Download Free Governing Women Book in PDF and EPUB Free Download. You can read online Governing Women and write the review.

Using case studies from around the world, this volume argues that good governance from a gender perspective requires more than just additional women in politics: it requires fundamental incentive changes to orient public action and policy to support gender equality.
Over the past several years, the fields of Leadership Studies and of Women's Studies have grown tremendously. This book, which is a series of case studies of women who have headed governments across the globe, will discuss the conditions and situations under which women rose to power and give a brief biography of each woman . A special chapter on why no U.S. woman has risen to the top, and a review of the political campaigns of Hillary Clinton, Michele Bachmann and others will be included. This book will be of interest for courses in women and leadership, global politics and gender studies.

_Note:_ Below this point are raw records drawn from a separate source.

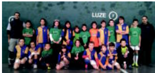
Ikaztegieta eta Abaltzisketako taldekideak. E. MAIZ

Era berean, aurtengoa eredu hartuta datozen urteetan ere herri txikien arteko partidak antolatzeko nahia azaldu dute.
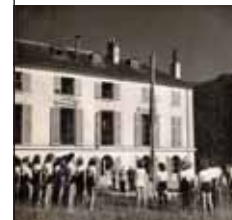
Visite du commissaire général aux sports, Joseph Pascot au Collège National de Moniteurs et d'Athlètes filles.
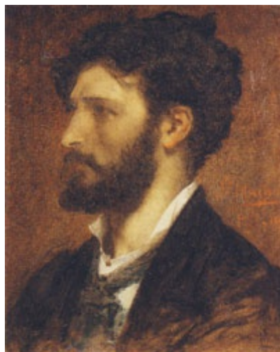
Autoportrait Huile sur toile, 47x37, 1865 Rome, Académie de France, Villa Médicis
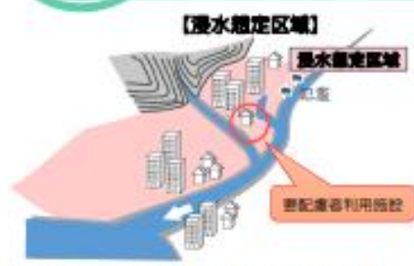
※「浸水想定区域」とは、洪水・雨水出水・高潮により浸水が想定される区域であり、国または都道府県が指定します。

Though the proportion of women in national assemblies still barely scrapes 16% on average, the striking outliers – Rwanda with 49% of its assembly female, Argentina with 35%, Liberia and Chile with new women presidents this year – have raised expectations that there is an upward trend in women’s representation from which we may expect big changes in the quality of governance. But getting women into public office is just the first step in the challenge of creating governance and accountability systems that respond to women’s needs and protect their rights. Using case studies from around the world, the essays in this volume consider the conditions for effective connections between women in civil society and women in politics, for the evolution of political party platforms responsive to women’s interests, for local government arrangements that enable women to engage effectively, and for accountability mechanisms that answer to women. The book’s argument is that good governance from a gender perspective requires more than more women in politics. It requires fundamental incentive changes to orient public action and policy to support gender equality.

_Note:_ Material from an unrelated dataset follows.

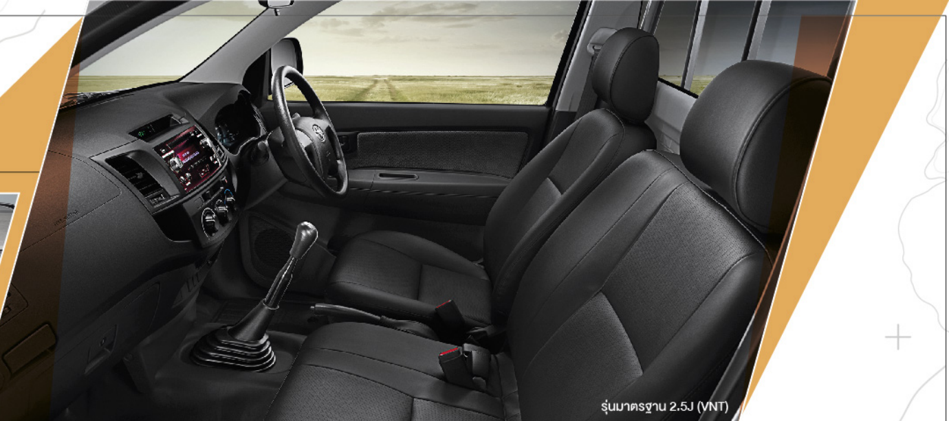
รุ่นมาตรฐาน 2.5J (VNT)

This book provides comparative data and policy benchmarks on women's access to public leadership and inclusive gender-responsive policy-making across OECD countries.
This edited volume examines policies aimed at increasing the representation of women in governing institutions in six South Asian countries. Divided into three parts, it addresses the implications of uniformity and diversity for the substantive representation of women in parliament, civil service and local government. The contributing authors explore the scope and limits of ‘positive discriminatory policies’ within distinct country contexts, and the implications of the lack of such policies in other countries. Their findings shed new light on the extent to which the higher presence of women in different governing institutions matters, particularly in respect of promoting women’s issues; and also on the way men and women in different governing institutions look upon each other’s roles and adopt strategies for mutual adjustment. This innovative collection will appeal to students and scholars of gender studies, public policy and administration, international relations, law and political science.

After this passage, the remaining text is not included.